FOR IMMEDIATE RELEASE
Wednesday, June 10, 2026

MI’KMA’KI (NOVA SCOTIA) - Over 50 groups from across the province came together in Halifax today to send a united message: the Nova Scotia government needs to accelerate its efforts and collaborate with the public in order to meet its protected areas commitments. At the rate that the Houston government has been protecting land, the Province won’t reach its legislated commitment to protect 20 per cent of the province by 2030. In fact, at the current rate, it would take the Province until 2041—11 years after its legislated deadline. 

“The legislated 20 per cent by 2030 commitment is both important and achievable. But the Province needs to seriously pick up the pace," says Raymond Plourde, the Ecology Action Centre’s Senior Wilderness Coordinator. “The Province can’t keep dragging its feet on protecting these sites of outstanding conservation value, and certainly can’t go backward by jeopardizing existing parks and protected areas.”  

“We’re very concerned over public comments that the Premier and his government have made about being open to development proposals for any of our Provincial Parks and Protected Areas,” says Margaret MacDonell of Save West Mabou Beach Provincial Park. “We’re here today to say that undermining years of protected areas work is simply unacceptable. Our existing parks and protected areas are special places that are meant to be protected in perpetuity, and development is precisely what they are supposed to be protected from.”  

Over 50 conservation, community, recreation, health, faith and seniors’ groups from across the province came together today to urge the Houston government to move forward in collaboration with the public and Mi’kmaq Rightsholders. At the press conference, the Ecology Action Centre and the Healthy Forest Coalition unveiled a new online map showing more than 30 sites of high conservation value. These are sites on public lands that groups across the province have identified and nominated to the government for assessment and potential protection. Together, these sites would protect approximately 127,864 hectares (1278.64 square kms) of Nova Scotia’s natural heritage. They would also contribute 2.3 per cent towards the legislated 20 per cent target.  

The map can be viewed at www.nspubliclands.ca 

Despite their ecological importance and community support, the community-proposed protected areas are being studiously ignored by the government.  

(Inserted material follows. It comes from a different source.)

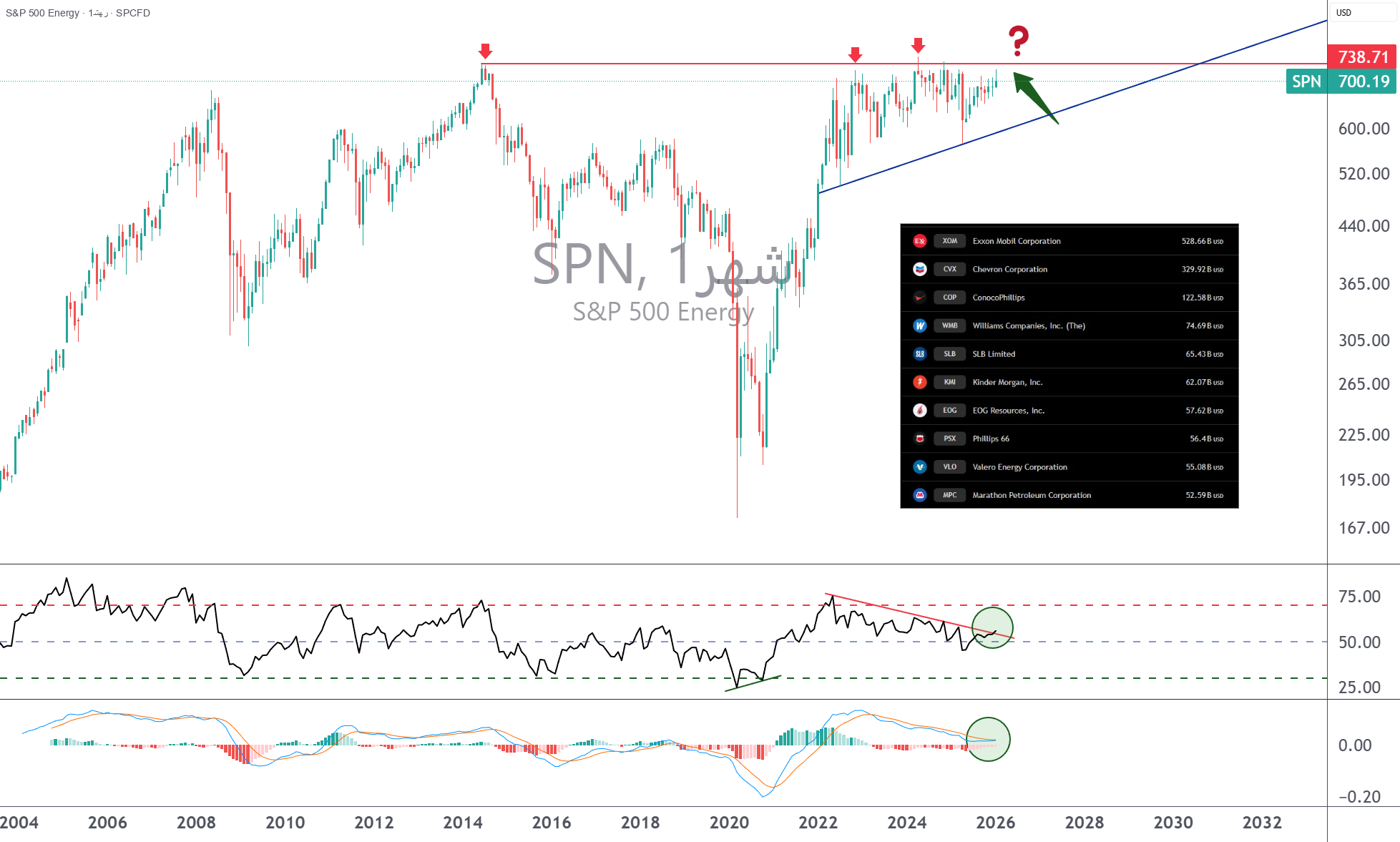 Technically, the S&P 500 Energy Index is currently at a critical level in its price history. Prices are currently trading near all-time highs, which is a major long-term resistance area. A clear and confirmed breakout of this top would be a strong first-order bullish signal, confirming the resumption of the major uptrend after a multi-year consolidation. This technical structure is often interpreted as an entry signal for institutional investors who are attracted by positive momentum and a favorable macroeconomic environment. If this breakthrough is achieved, the S&P 500 Energy Index could enter a new phase of reassessment, supported by fundamental geopolitical factors, sectoral flows and decisive technical confirmations.

“We’ve been trying for years to get specific areas of public land protected, but it’s just not happening,” says Nina Newington, President of Save Our Old Forests. “No matter how hard we try, this government refuses to engage with the public. The Collaborative Protected Areas Strategy, when it came out in 2023, included the results of a public consultation. People said they wanted “urgent action, a collaborative approach, and a transparent process.” That’s still what we want. What we have gotten instead is a brick wall.” 

A recent poll conducted by Narrative Research and commissioned by the Ecology Action Centre reaffirmed that a strong majority (67 per cent) of Nova Scotians want the government to protect more wilderness, even when weighed against other considerations like resource extraction and industrial use. 

The Canadian Association of Retired Persons, N.S. Chapter, recently surveyed its 8,765 members regarding environmental interests. Eighty-eight per cent of respondents supported the acceleration of the government's efforts to reach the province’s 20 per cent protection target by 2030.  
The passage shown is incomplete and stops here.